Enable NUMA topology-aware scheduling - Container Service for Kubernetes

In scenarios where CPUs and GPUs frequently communicate with each other, the memory access across non-uniform memory access (NUMA) nodes may cause issues such as increased latency and limited bandwidth. These issues affect the overall performance of an application. To resolve such issues, Container Service for Kubernetes (ACK) supports NUMA topology-aware scheduling based on the scheduling framework of Kubernetes to schedule pods to optimal NUMA nodes. This reduces the memory access across NUMA nodes to optimize the performance of your application.

How it works

A NUMA node is the basic unit of a NUMA system. Multiple NUMA nodes on a single cluster node constitute a NUMA set, which is used to efficiently allocate computing resources and reduce competition for memory access between processors. For example, a high-performance server that has eight GPUs usually contains multiple NUMA nodes. If no CPU cores are bound to an application or CPUs and GPUs are not allocated to the same NUMA node, the performance of the application may be degraded due to CPU contention or cross-NUMA node communication between CPUs and GPUs. To maximize the performance of your application, you can allocate CPUs and GPUs to the same NUMA node.

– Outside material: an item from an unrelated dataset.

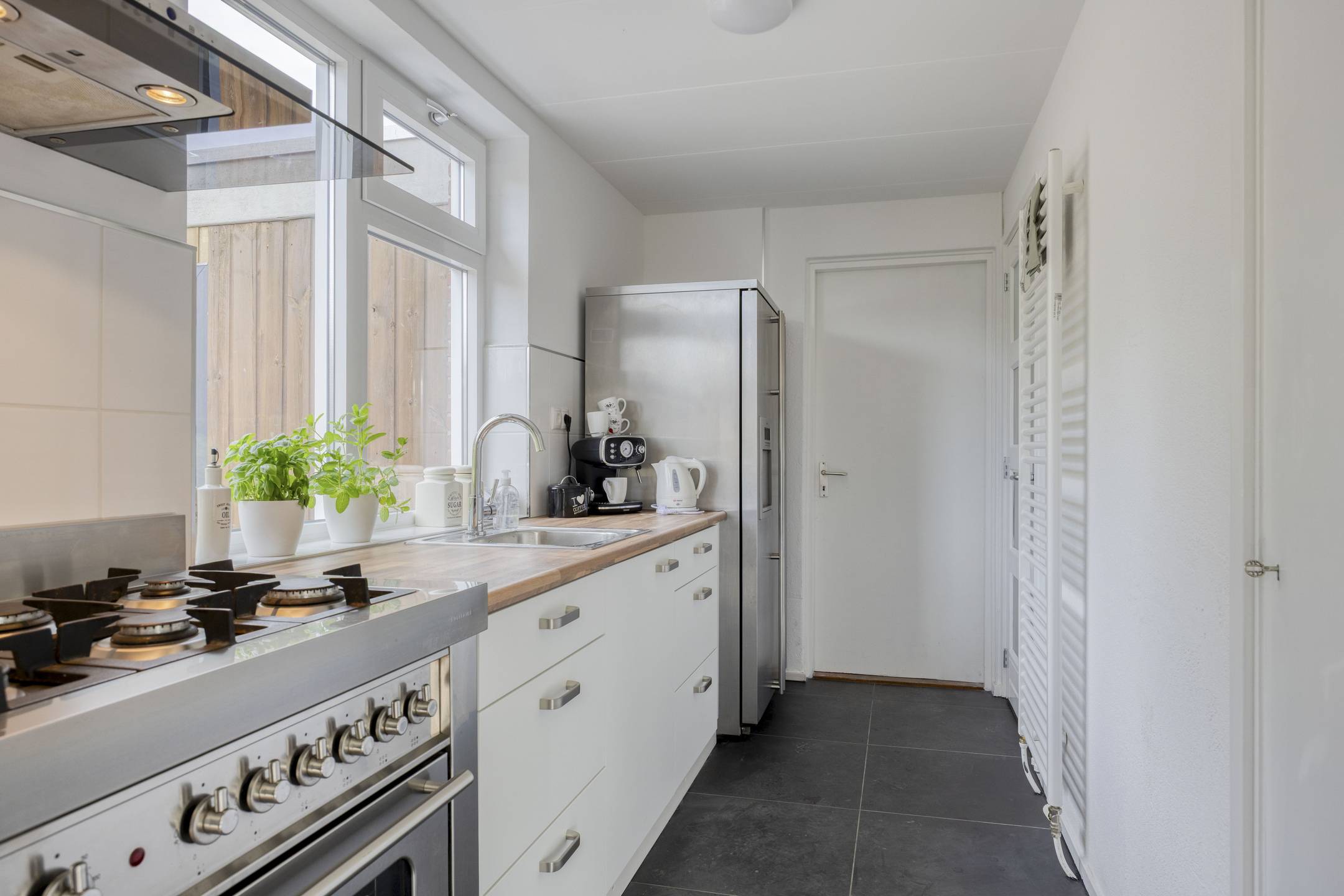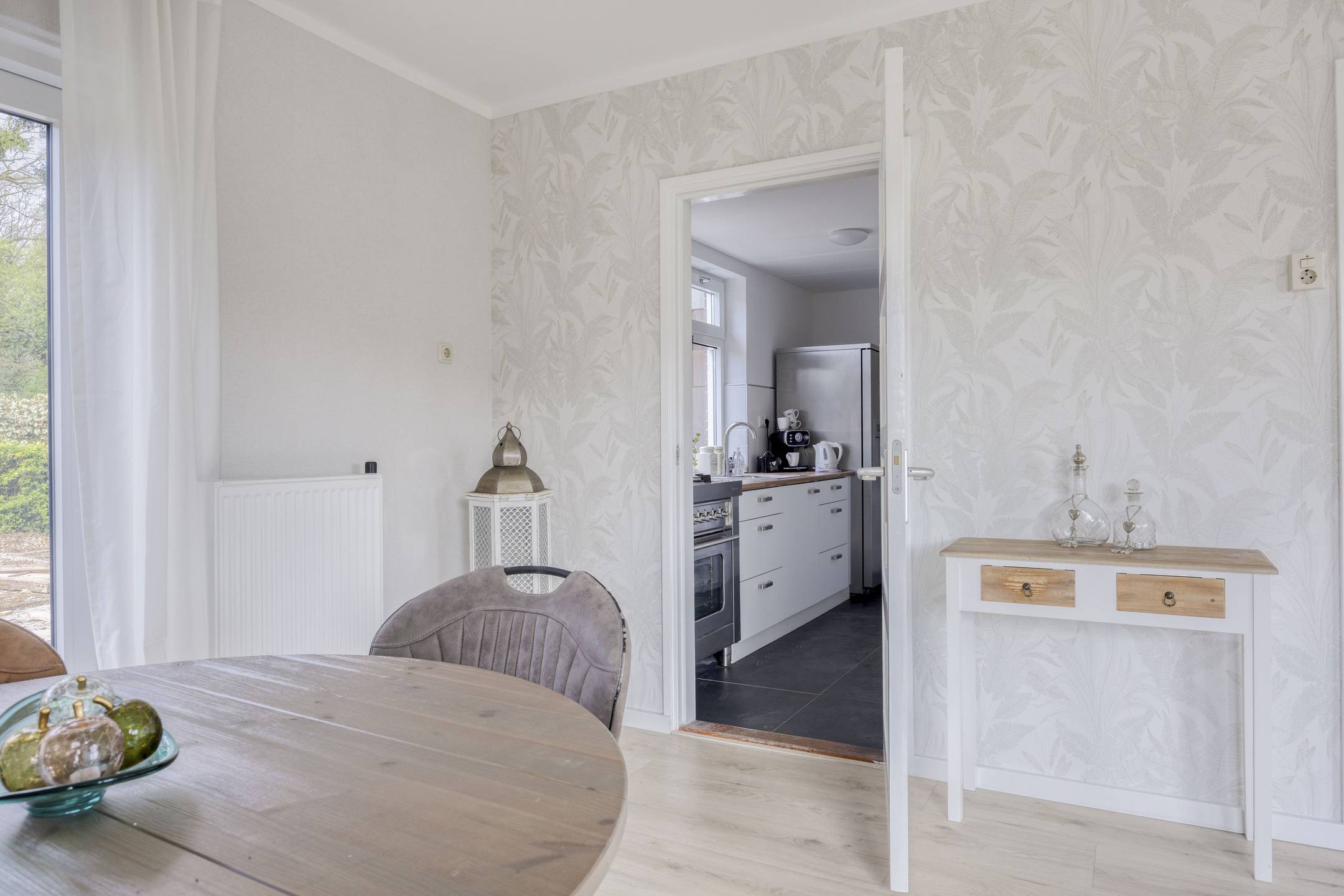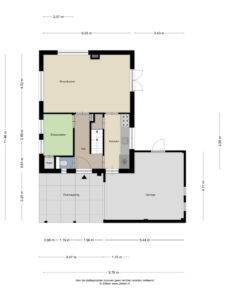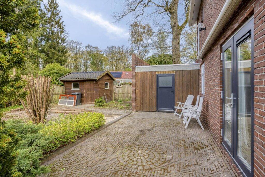 Indeling: overdekte entree (onder de carport), hal, toilet (wandcloset) met fonteintje, provisiekelder, slaap-/werkkamer voorzien van laminaatvloer en inbouwkast, woonkamer voorzien van laminaatvloer, airco-unit en tuindeuren naar terras en achtertuin, in 2026 aangebrachte keuken voorzien van inbouwapparatuur (gaskookplaat, afzuigkap, oven en koelkast) en design-radiator, binnendoor naar de L-vormige garage/berging voorzien van een sectionaaldeur, elektra, verwarming, wateraansluiting en een deur naar terras en achtertuin.

The native solution based on the kubelet CPU policy and NUMA topology policy can help you allocate CPUs and GPUs to the same NUMA node on a single server. However, this solution may encounter the following difficulties in a cluster:

The scheduler is not aware of the specific CPUs and GPUs allocated to a NUMA node. In this case, the scheduler cannot determine whether the remaining CPU and GPU resources can meet the quality of service (QoS) requirements of pods. As a result, a large number of pods enter the AdmissionError state after scheduling. In severe cases, the cluster may stop working.
The allocation of CPUs and GPUs is uncontrollable at the upper layer. In native Kubernetes, the kubelet topology policy can be viewed only in the process startup parameters of nodes, but cannot be obtained at the cluster level by using methods such as node labels. Therefore, when you submit a job, you cannot specify that the workload is run on a NUMA node to which both CPUs and GPUs are allocated. As a result, the performance of your application is highly variable.
The topology policy is not easy to use. The NUMA topology policy is declared on nodes, so a single node can carry only one NUMA topology policy. Before you submit a job and use the topology policy, a cluster resource administrator must manually divide the nodes of the cluster by adding special labels to the nodes and configure nodeAffinity settings to schedule pods to the nodes with matching labels. In addition, pods with different policies cannot be scheduled to the same node even if they do not interfere with each other. This reduces the resource utilization of the cluster.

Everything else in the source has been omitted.